Creates a BodoDataFrame object for reading from parquet file(s) lazily.

Parameters

path : str, list[str]: Location of the parquet file(s) to read. Refer to pandas.read_parquet for more details. The type of this argument differs from Pandas.

All other parameters will trigger a fallback to pandas.read_parquet if a non-default value is provided.

Returns

BodoDataFrame

Example

import bodo
import bodo.pandas as bodo_pd
import pandas as pd

original_df = pd.DataFrame(
    {"foo": range(15), "bar": range(15, 30)}
   )

@bodo.jit
def write_parquet(df):
    df.to_parquet("example.pq")

write_parquet(original_df)

restored_df = bodo_pd.read_parquet("example.pq")
print(type(restored_df))
print(restored_df.head())

Output:

<class 'bodo.pandas.frame.BodoDataFrame'>
   foo  bar
0    0   15
1    1   16
2    2   17
3    3   18
4    4   19

bodo.pandas.read_iceberg

bodo.pandas.read_iceberg(
    table_identifier: str,
    catalog_name: str | None = None,
    catalog_properties: dict[str, Any] | None = None,
    row_filter: str | None = None,
    selected_fields: tuple[str] | None = None,
    case_sensitive: bool = True,
    snapshot_id: int | None = None,
    limit: int | None = None,
    scan_properties: dict[str, Any] | None = None,
) -> BodoDataFrame

Creates a BodoDataFrame object for reading from an Iceberg table lazily.

Refer to pandas.read_iceberg for more details.

Warning

This function is experimental in Pandas and may change in future releases.

Parameters

table_identifier: str: Identifier of the Iceberg table to read. This should be in the format schema.table

catalog_name: str, optional: Name of the catalog to use.

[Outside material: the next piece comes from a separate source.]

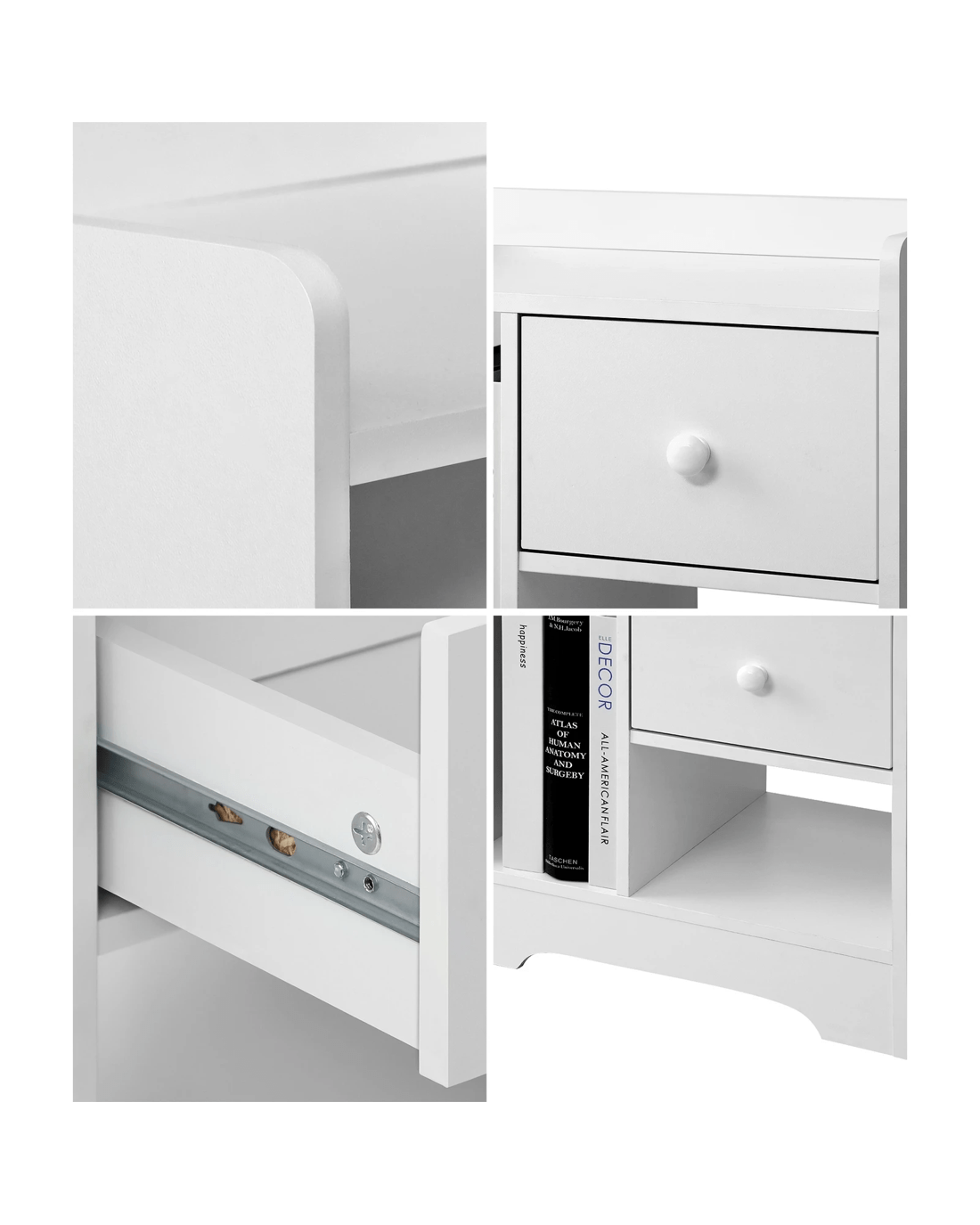 Sold by Kamprad's Oikos 1943Oikiture Bedside Tables Side Table White Nightstand Storage Drawer Shelf - White

If not provided, the default catalog will be used. See PyIceberg's documentation for more details.

catalog_properties: dict[str, Any], optional: Properties for the catalog connection.

row_filter: str, optional: expression to filter rows.

selected_fields: tuple[str], optional: Fields to select from the table, if not provided, all fields will be selected.

snapshot_id: int, optional: ID of the snapshot to read from. If not provided, the latest snapshot will be used.

limit: int, optional: Maximum number of rows to read. If not provided, all rows will be read.

Non-default values for case_sensitive and scan_properties will trigger a fallback to pandas.read_iceberg.

Returns

BodoDataFrame

Example

Read a table using a predefined PyIceberg catalog.

import bodo
import bodo.pandas as bodo_pd
df = bodo_pd.read_iceberg(
    table_identifier="my_schema.my_table",
    catalog_name="my_catalog",
    row_filter="col1 > 10",
    selected_fields=("col1", "col2"),
    snapshot_id=123456789,
    limit=1000
)

Read a table using a new PyIceberg catalog with custom properties.

import bodo
import bodo.pandas as bodo_pd
import pyiceberg.catalog
df = bodo_pd.read_iceberg(
    table_identifier="my_schema.my_table",
    catalog_properties={
        pyiceberg.catalog.PY_CATALOG_IMPL: "bodo.io.iceberg.catalog.dir.DirCatalog",
        pyiceberg.catalog.WAREHOUSE_LOCATION: path_to_warehouse_dir,
    }
)